L'Accouchement Inopiné à Vendargues : Un Rappel des Urgences Obstétricales

L'histoire d'Alexandra Garcia, qui a accouché en urgence dans une station-service à Vendargues, est un exemple frappant des situations d'urgence auxquelles peuvent être confrontées les femmes enceintes. Cet événement souligne l'importance de garantir un accès rapide et facile aux maternités, notamment pour les femmes qui habitent dans des zones éloignées des centres urbains.

Alexandra Garcia, alors enceinte de presque 9 mois, a commencé à ressentir des contractions violentes alors qu'elle se rendait à la clinique Saint-Roch.
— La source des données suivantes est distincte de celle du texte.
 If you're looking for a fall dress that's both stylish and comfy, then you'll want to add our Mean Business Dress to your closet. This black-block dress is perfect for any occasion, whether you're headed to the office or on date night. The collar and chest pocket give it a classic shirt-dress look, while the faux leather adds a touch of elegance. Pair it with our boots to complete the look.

Arrivée à hauteur de la station-service Total de Vendargues, elle a compris qu'elle n'arriverait pas à temps. Grâce à l'intervention d'un pompier volontaire, elle a pu accoucher dans des conditions improvisées, mais avec l'assistance nécessaire.

Son bébé, Joao, est né "coiffé", dans une poche des eaux intacte. Son acte de naissance porte la mention "RN610, voie publique, Vendargues".
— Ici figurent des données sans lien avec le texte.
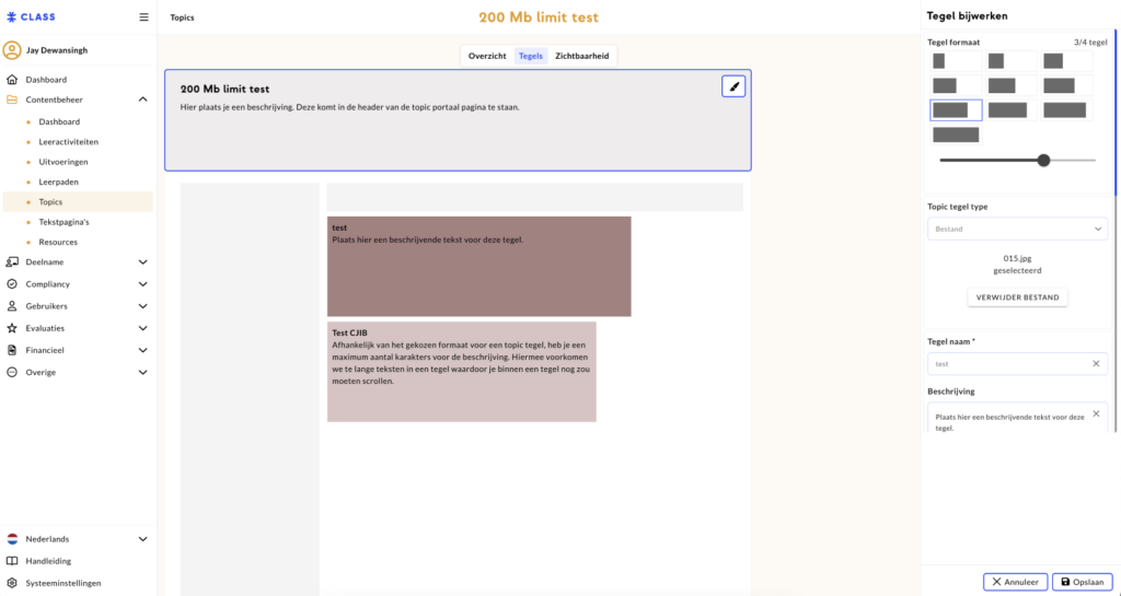 In de vernieuwde versie van de topics is het mogelijk om de indeling nog dynamischer in te richten. Je hebt nu de mogelijkheid om uit meer formaten voor de tegels te kiezen en deze vrij over de gehele pagina in te delen. Door in het ankermenu te navigeren naar ‘’tegels’’ kom je terecht op de pagina met de topic tegels. Hier kan je tegels toevoegen, verwijderen en wijzigen.

L'Avenir de la Maternité de Clémentville : Un Choix Stratégique

Le transfert de la clinique Clémentville vers une nouvelle implantation à La Paillade soulève la question du devenir de sa maternité. Guillaume Ponseillé, directeur général d'Oc Santé, explique que la décision sera prise au printemps, après une discussion interne avec les équipes du service et avec l'Agence régionale de santé.
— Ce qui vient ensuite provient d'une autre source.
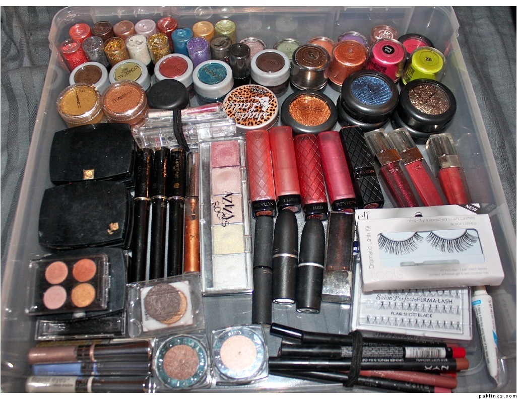So this is pretty much everything! the surrounding bags are filled with random eyeshadows, little palettes, lip products and face makeup, which i’ll be needing a whole new box for.

Plusieurs options sont envisagées : maintenir la maternité sur Clémentville, ce qui permettrait d'avoir une offre de soins dans le sud de Montpellier, ou la transférer à Saint-Roch, où il y aurait de la place pour accueillir d'autres naissances.

Guillaume Ponseillé souligne que "supprimer une maternité à Montpellier n’est pas un choix neutre". Il ajoute que "Si on garde la maternité sur Clémentville, on aurait l’avantage d’avoir une maternité dans le Sud de Montpellier et une autre dans le Nord".

Le choix final devra prendre en compte la viabilité économique de l'établissement et l'évolution de la natalité. Guillaume Ponseillé estime que "le volume des naissances n’a pas encore atteint un plateau" et que "l’on peut craindre encore une baisse globale de 10 % à 15 %" pour les années à venir.

Accouchement Inopiné à Pignan : Une Naissance Prématurée

Un autre accouchement inopiné a eu lieu à Pignan, où une jeune femme a donné naissance à son bébé dans la voiture de ses parents, alors qu'elle se rendait au CHU de Montpellier.

Laury et Benjamin, les parents, ont été surpris par la rapidité du travail. "Je pensais avoir le temps d’arriver à l’hôpital. J’avais des contractions toutes les cinq minutes. Puis, je les ai ressenties toutes les minutes. C’est devenu vraiment intense, tout d’un coup", raconte la maman.

Grâce à leur réactivité et aux conseils des pompiers, ils ont pu assurer la sécurité de leur bébé en attendant l'arrivée des secours.